A dendritic extended surfactant is a dendritic surfactant having a non-ionic spacer arm between the hydrophilic group and a lipophilic tail. For example, the non-ionic spacer-arm extension may be the result of polypropoxylation, polyethoxylation, or a combination of the two with the polypropylene oxide next to the tail and polyethylene oxide next to the head. The spacer arm of a dendritic extended surfactant may contain from about 1 independently to about 20 propoxy moieties and/or from about 0 independently to about 20 ethoxy moieties. Alternatively, the spacer arm may contain from about 2 independently up to about 16 propoxy moieties and/or from about 2 independently up to about 8 ethoxy moieties. The spacer arm extensions may also be formed from other moieties including, but not necessarily limited to, glyceryl, butoxy, glucoside, isosorbide, xylitols, a combination thereof, and the like. For example, the spacer arm of a dendritic extended surfactant may contain both propoxy and ethoxy moieties. The polypropoxy portion of the spacer arm may be considered lipophilic; however, the spacer arm may also contain a hydrophilic portion to attach the hydrophilic group. The hydrophilic group may generally be a polyethoxy portion having about two or more ethoxy groups. These portions are generally in blocks, rather than being randomly mixed. Further, the spacer arm extension may be a polypropylene oxide chain.
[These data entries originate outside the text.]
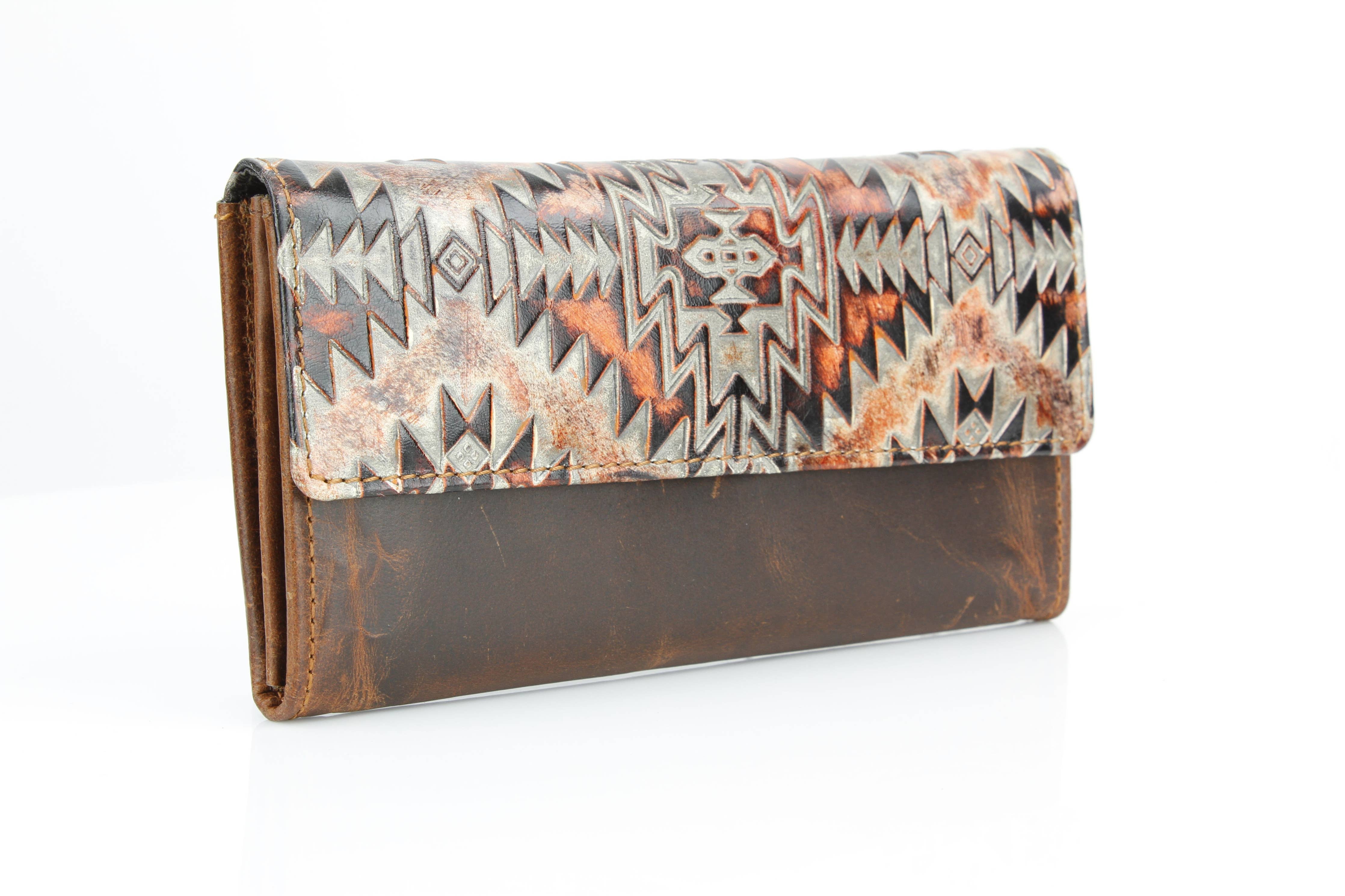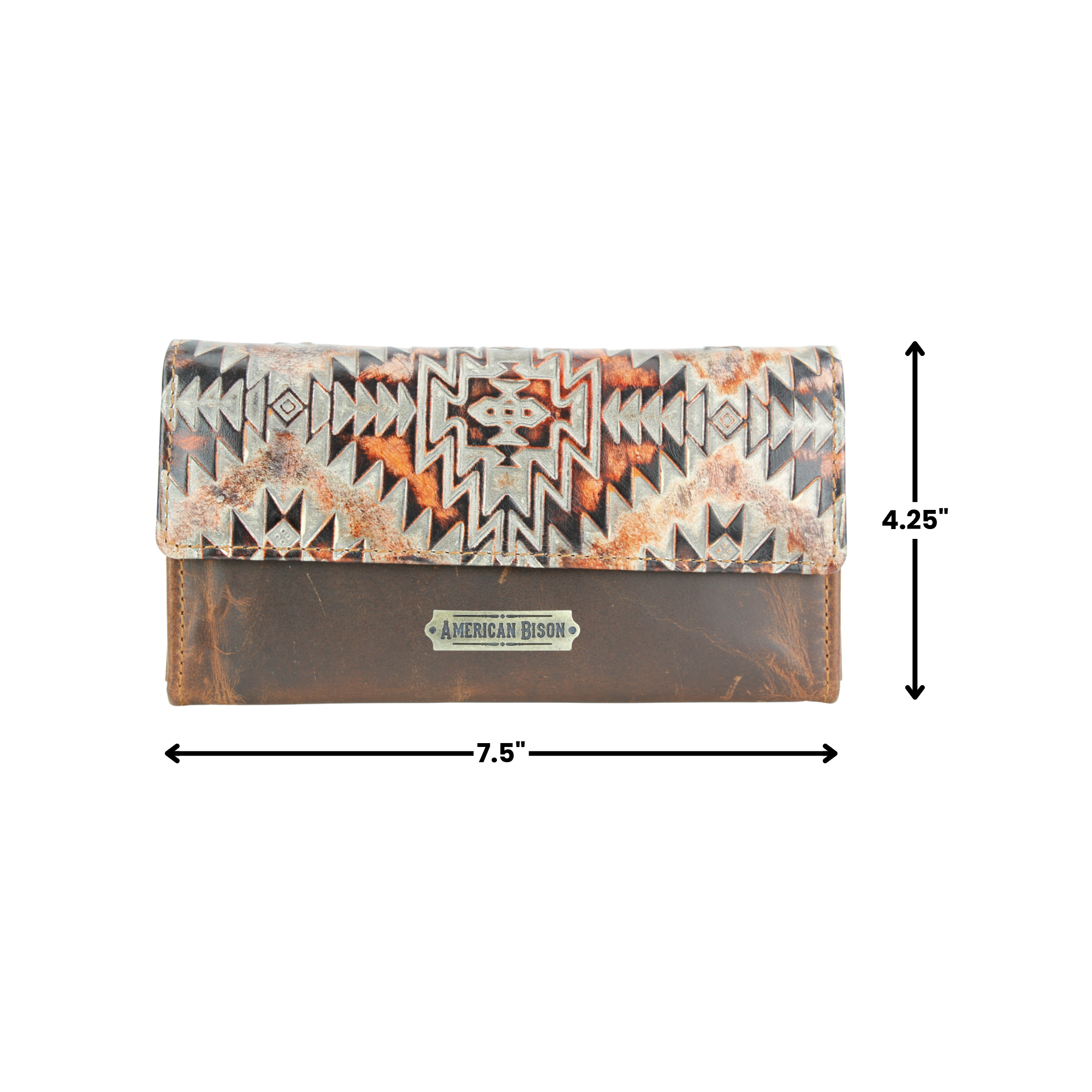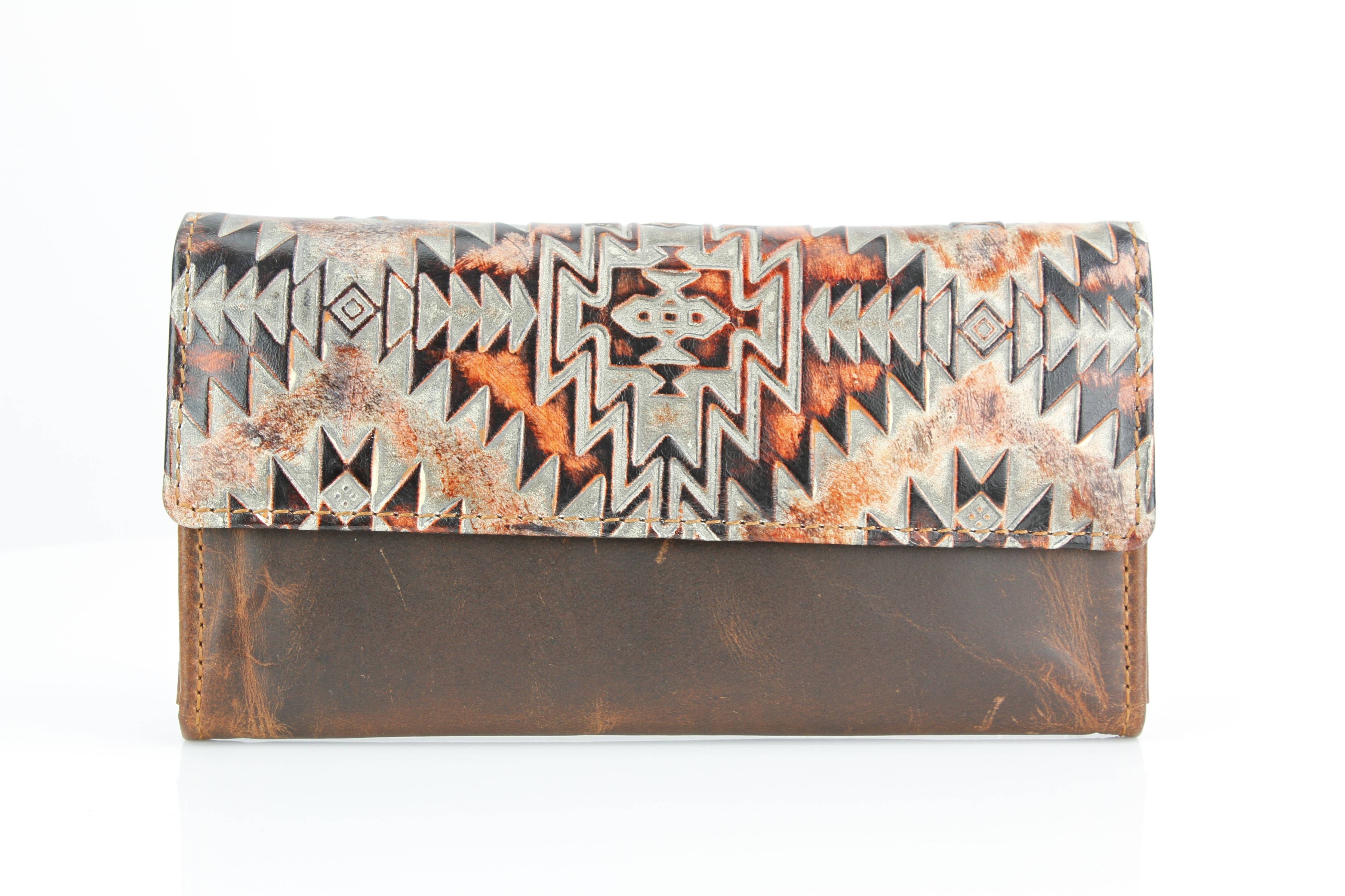 This women’s clutch wallet features a warm Aztec-inspired geometric design in shades of brown, orange, gray, and copper on the...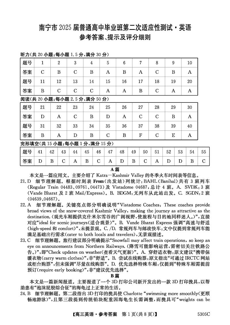 南宁二模2025届高三第二次适应性测试英语考试已于近日开考,为方便考生考后及时查看考试情况,查漏补缺、弥补不足,本文整理了试题答案解析相关信息!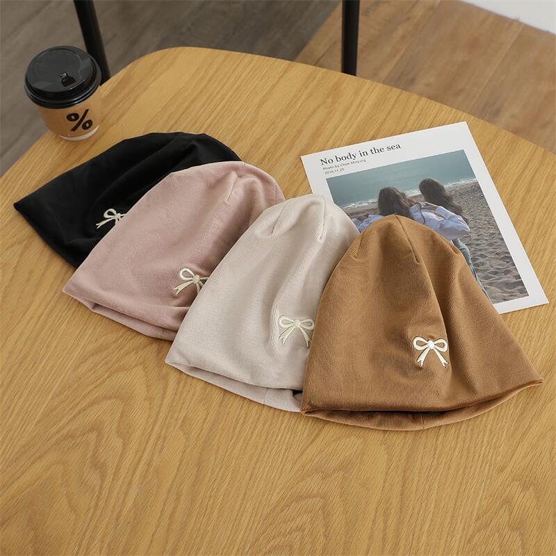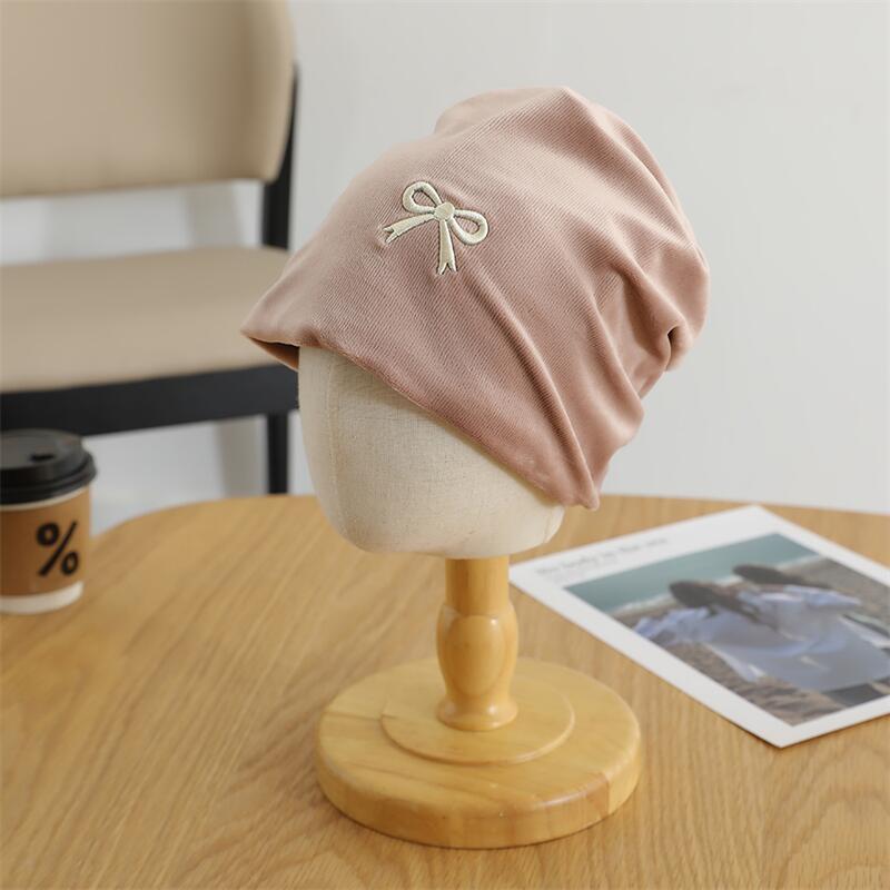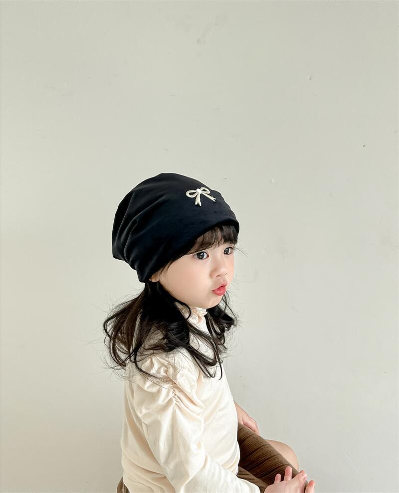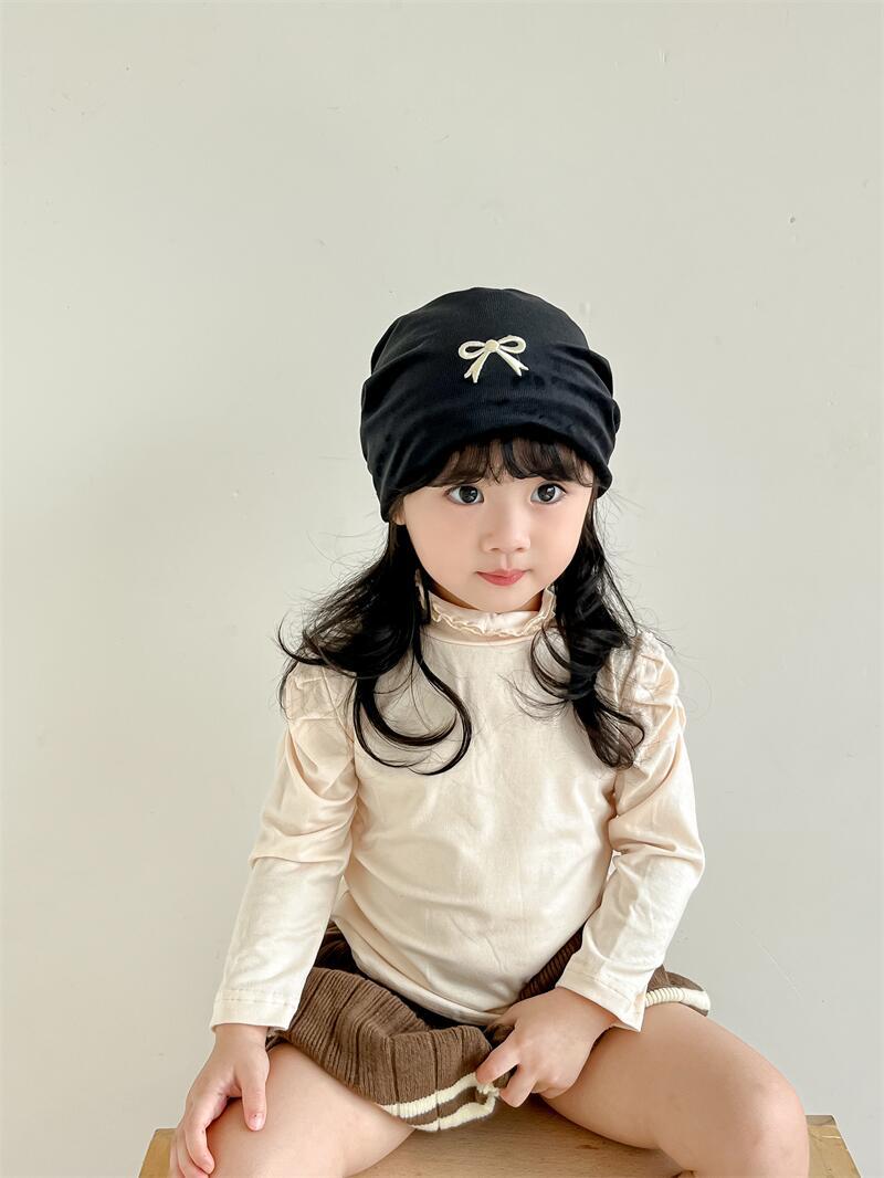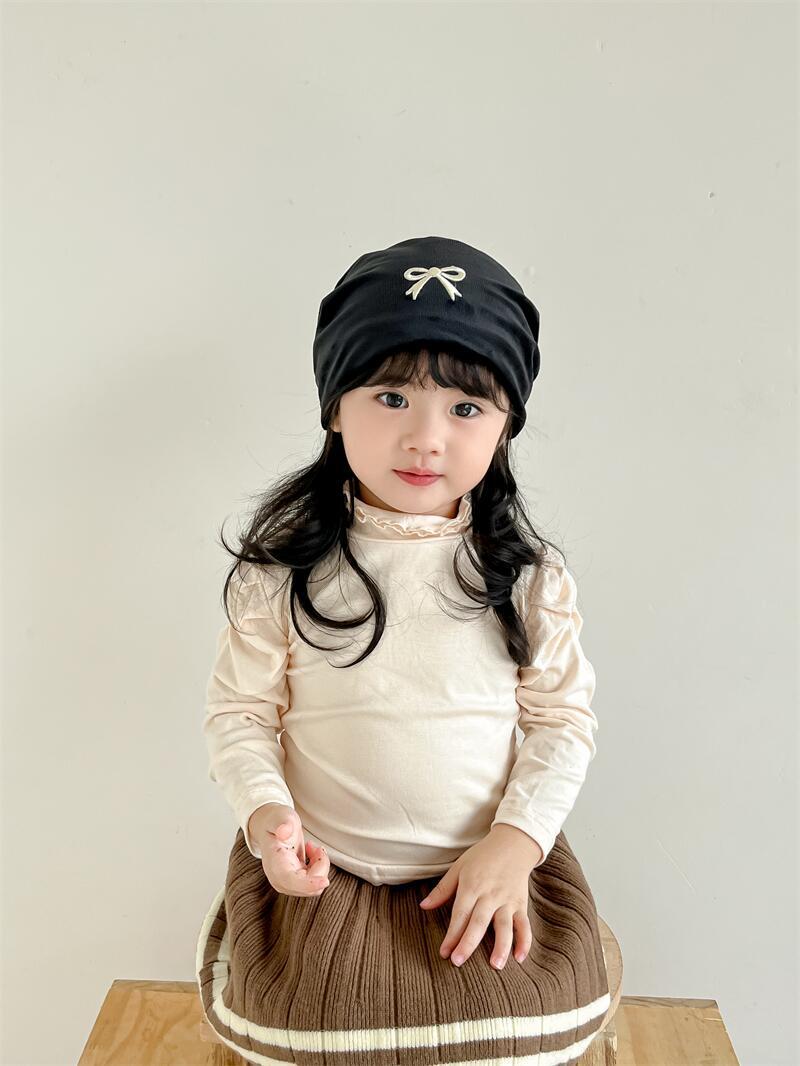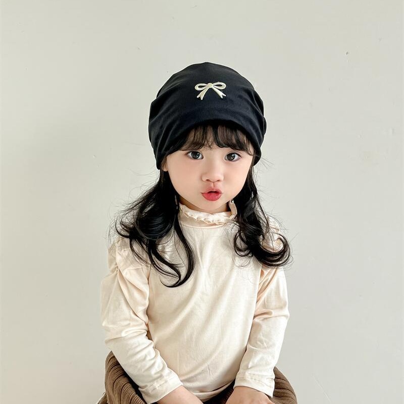 欧美跨境儿童套头帽百搭刺绣蝴蝶结套头堆堆帽森系女童保暖童帽

As used herein, the term “zeta potential” refers to the electrical potential difference between a particle's surface and the surrounding liquid. It measures the stability of colloidal suspensions, with a high zeta potential indicating good stability (strong repulsion between particles) and a low zeta potential indicating potential instability (weak repulsion and possible aggregation).

As used herein, the term “electrophoretic mobility” refers to a rate at which a particle moves in an electric field divided by the strength of the field. It is a measure of how easily a particle moves in response to an applied electric potential. This property depends on factors like the particle's size, charge, and the medium's viscosity. Electrophoretic mobility is often used to study colloidal particles, nanoparticles, and other charged systems.

As used herein, the term “brine solution” refers to an aqueous solution containing dissolved salts, where the concentration of dissolved salts is sufficiently high to achieve properties such as increased ionic strength, enhanced solubility of gases (such as CO2), or to facilitate specific chemical reactions.

As used herein, the term “room temperature” refers to a temperature range of 25±3 degrees Celsius (° C.) in the present disclosure.

As used herein, the term “subterranean geological formation” refers to a large-scale feature that exists beneath the Earth's surface.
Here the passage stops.